COLLECTED MATERIAL -
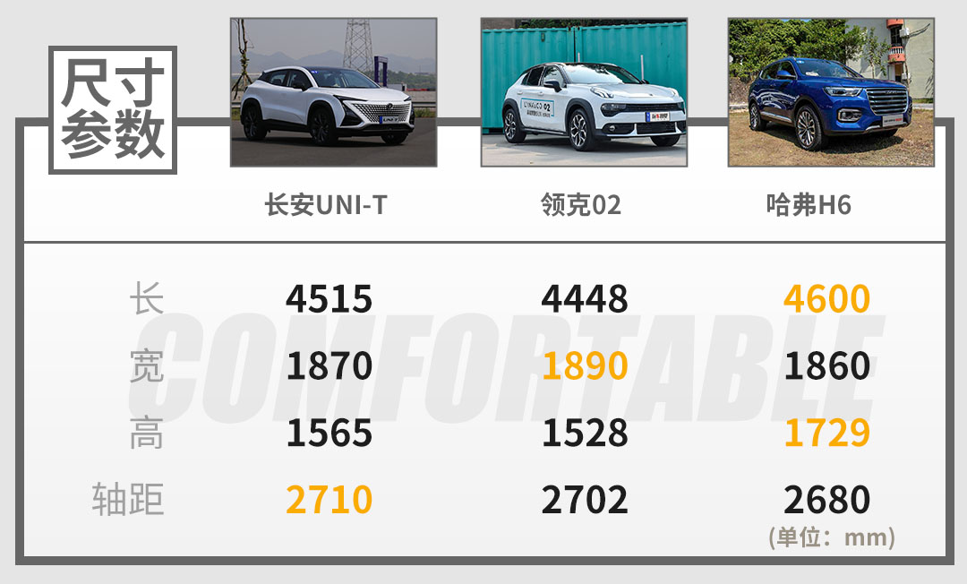 尺寸方面,与同级别相比,长安UNI-T在轴距方面的优势比较明显,作为一款紧凑型SUV轴距达到了2710mm,因此车内空间相对有保证。
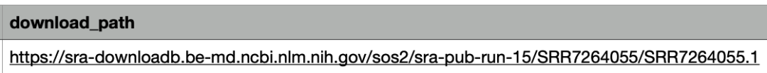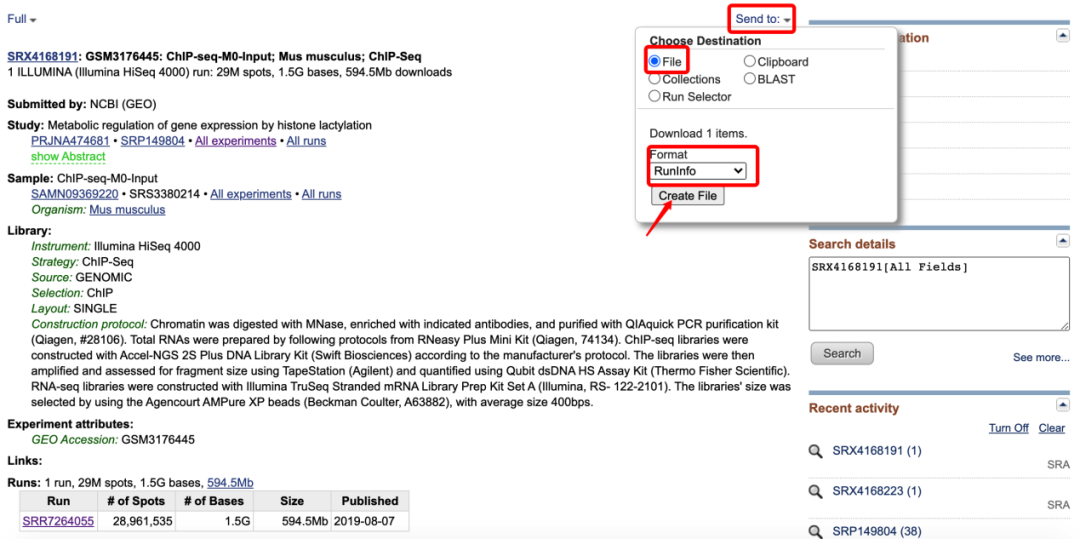 這里面包含了這個(gè)樣本的基本信息,包括測(cè)序平臺(tái)、文庫(kù)類(lèi)型、數(shù)據(jù)量等基本信息,然后點(diǎn)擊頁(yè)面右上方的Send to按鈕,選擇File,F(xiàn)ormat選擇RunInfo,然后點(diǎn)擊Creat file下載一個(gè)csv文件,打開(kāi)文件,可以看到一個(gè)下載鏈接
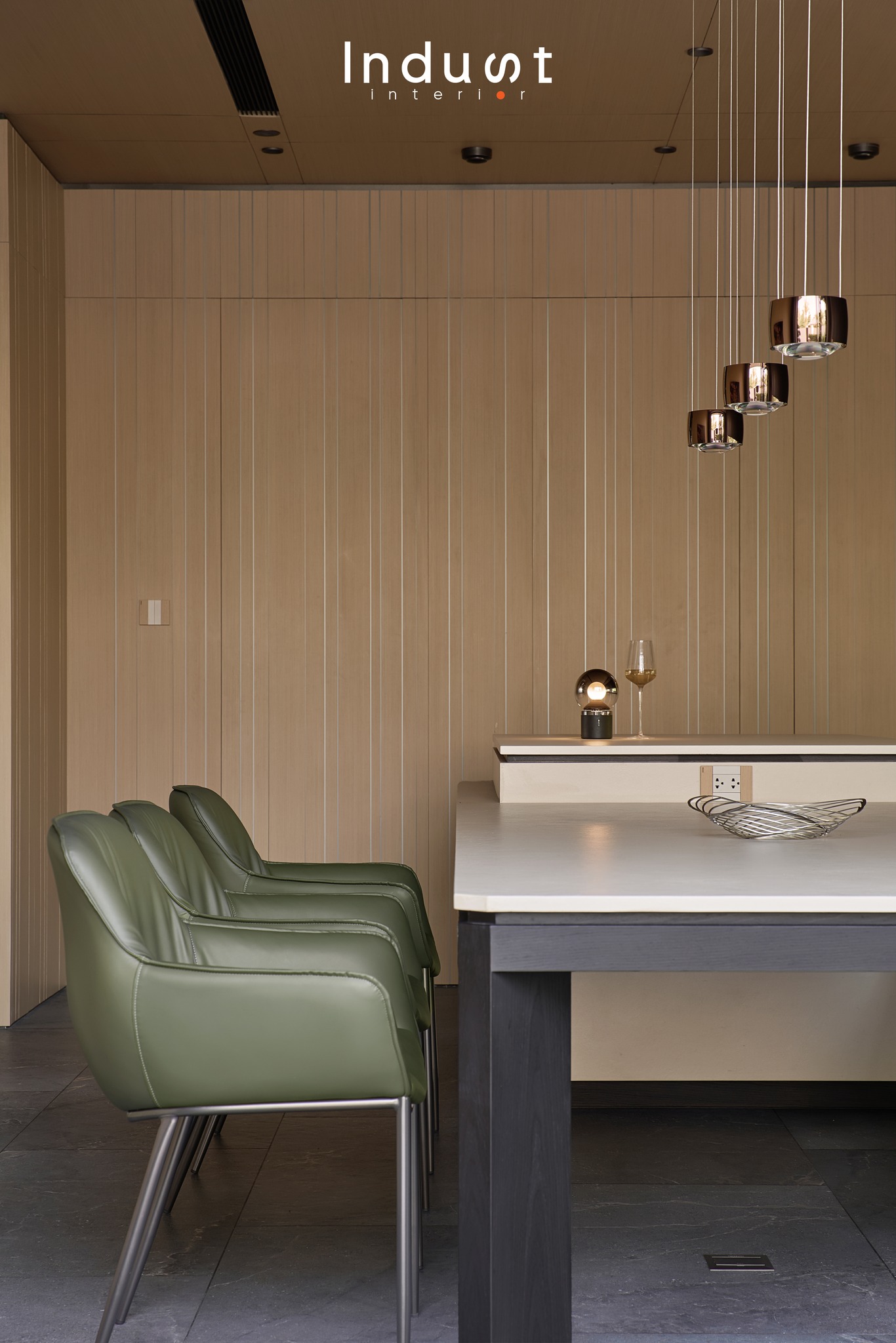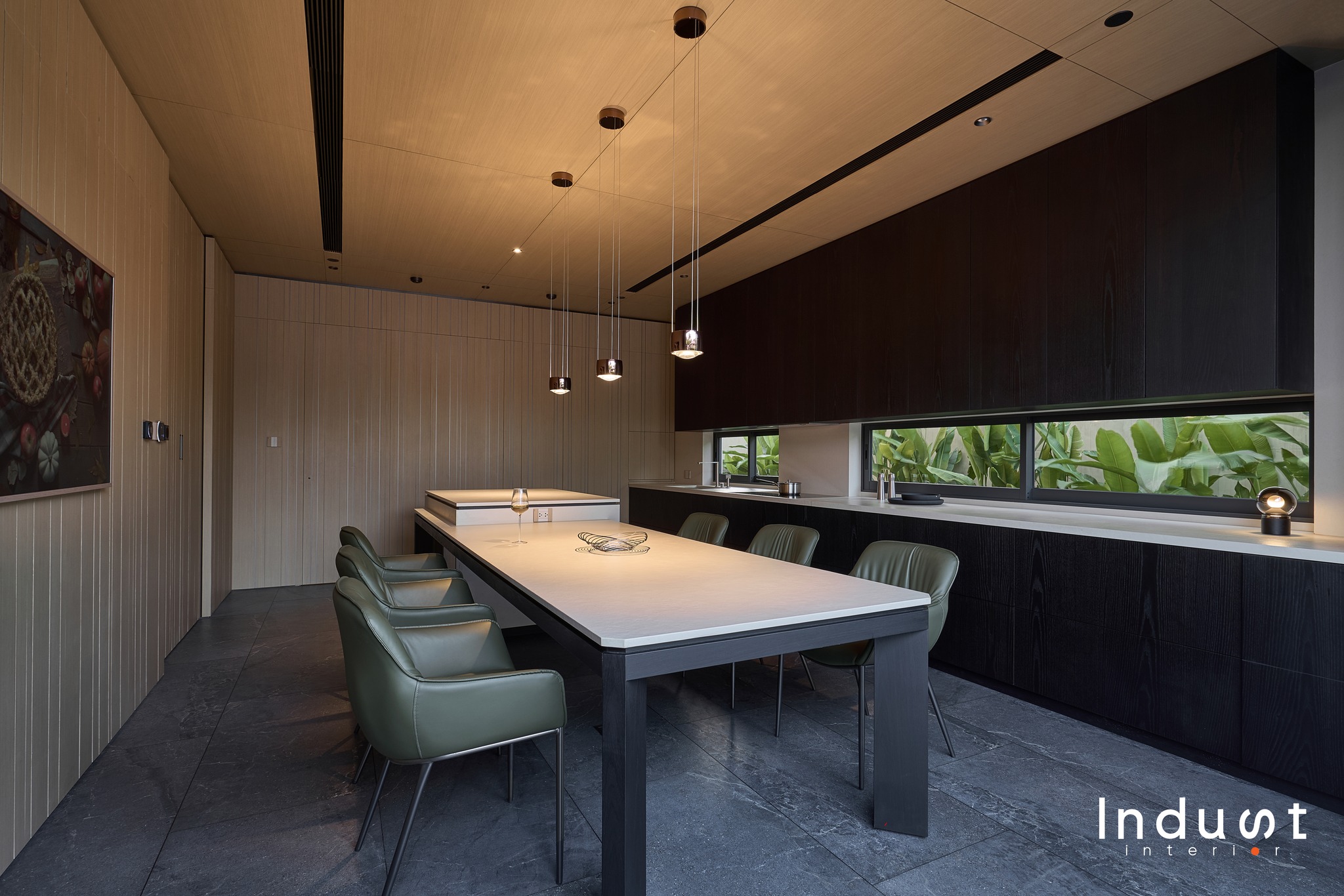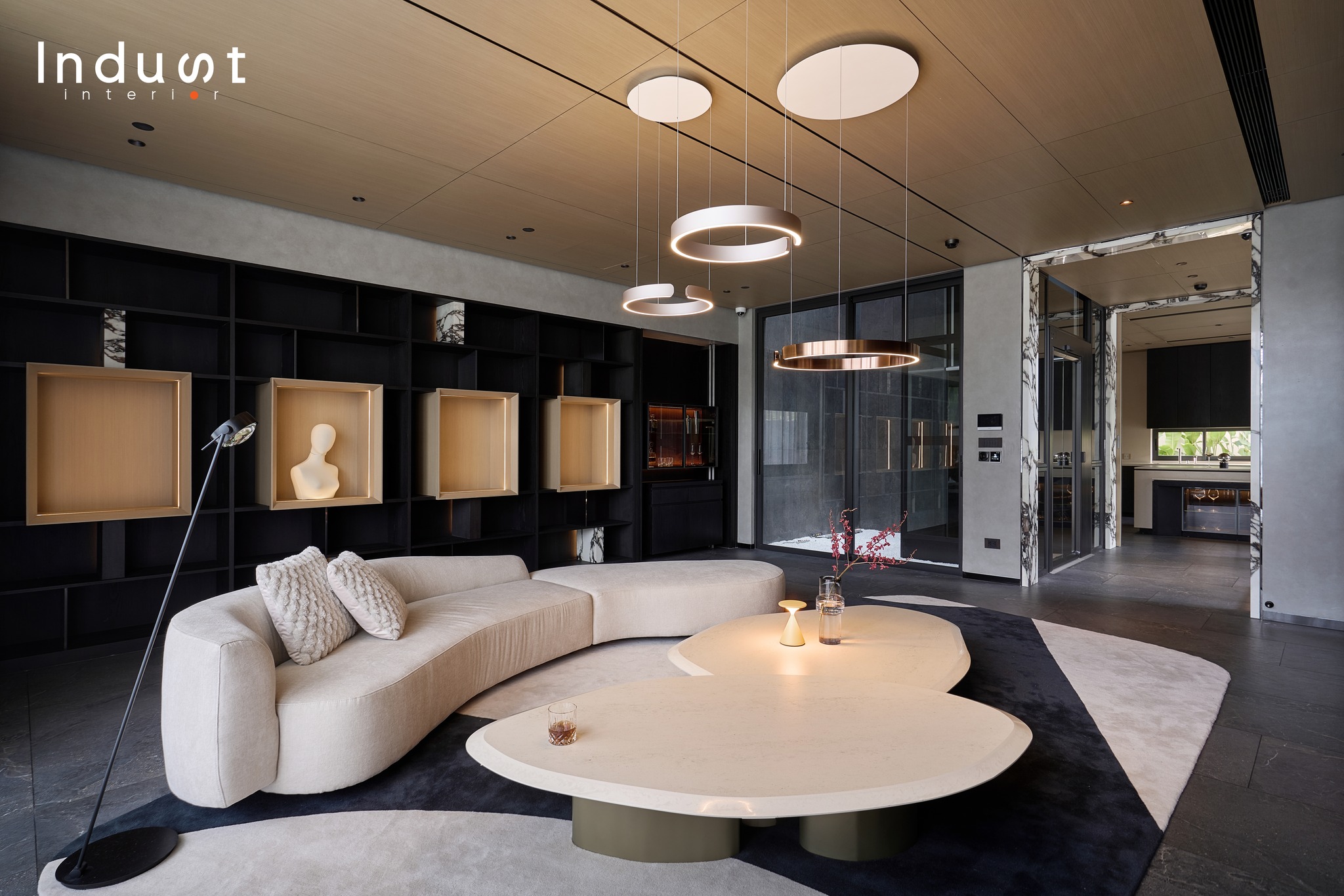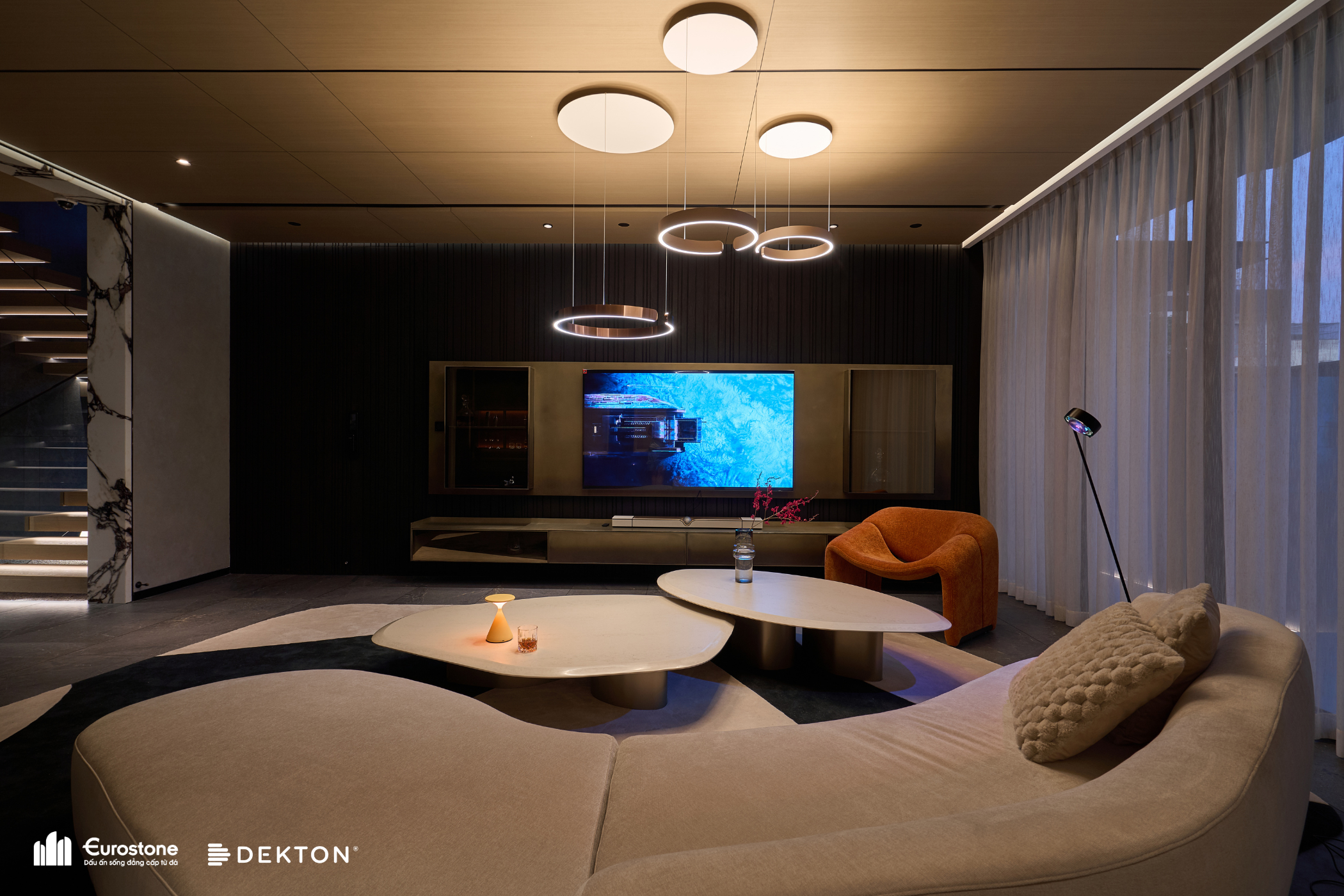 Tổ hợp khách – bếp được mở hoàn toàn về mặt thị giác, nhưng lại không bị hoà tan. Giữa hai không gian này là một lớp chuyển nhẹ, sảnh thang đóng vai trò như một “nút thắt mềm” về không gian. Khung bao cửa bằng đá cẩm thạch được đặt như một khung cảnh có chủ ý, nơi ánh sáng tràn qua cầu thang kính lớn và được dẫn dắt bằng nhịp trần ốp gỗ xuyên suốt. Cảm giác phân vùng được gợi nhẹ không rõ ranh giới, nhưng vẫn có nhịp điệu, cho phép hai không gian vừa kết nối vừa tách biệt trong một sự linh hoạt đầy chủ đích.

TASK INSTRUCTIONS -
Without including the pictures, copy all of the data exactly.

WORKED SOLUTION -
 尺寸方面,与同级别相比,长安UNI-T在轴距方面的优势比较明显,作为一款紧凑型SUV轴距达到了2710mm,因此车内空间相对有保证。
 這里面包含了這個(gè)樣本的基本信息,包括測(cè)序平臺(tái)、文庫(kù)類(lèi)型、數(shù)據(jù)量等基本信息,然后點(diǎn)擊頁(yè)面右上方的Send to按鈕,選擇File,F(xiàn)ormat選擇RunInfo,然后點(diǎn)擊Creat file下載一個(gè)csv文件,打開(kāi)文件,可以看到一個(gè)下載鏈接
 Tổ hợp khách – bếp được mở hoàn toàn về mặt thị giác, nhưng lại không bị hoà tan. Giữa hai không gian này là một lớp chuyển nhẹ, sảnh thang đóng vai trò như một “nút thắt mềm” về không gian. Khung bao cửa bằng đá cẩm thạch được đặt như một khung cảnh có chủ ý, nơi ánh sáng tràn qua cầu thang kính lớn và được dẫn dắt bằng nhịp trần ốp gỗ xuyên suốt. Cảm giác phân vùng được gợi nhẹ không rõ ranh giới, nhưng vẫn có nhịp điệu, cho phép hai không gian vừa kết nối vừa tách biệt trong một sự linh hoạt đầy chủ đích.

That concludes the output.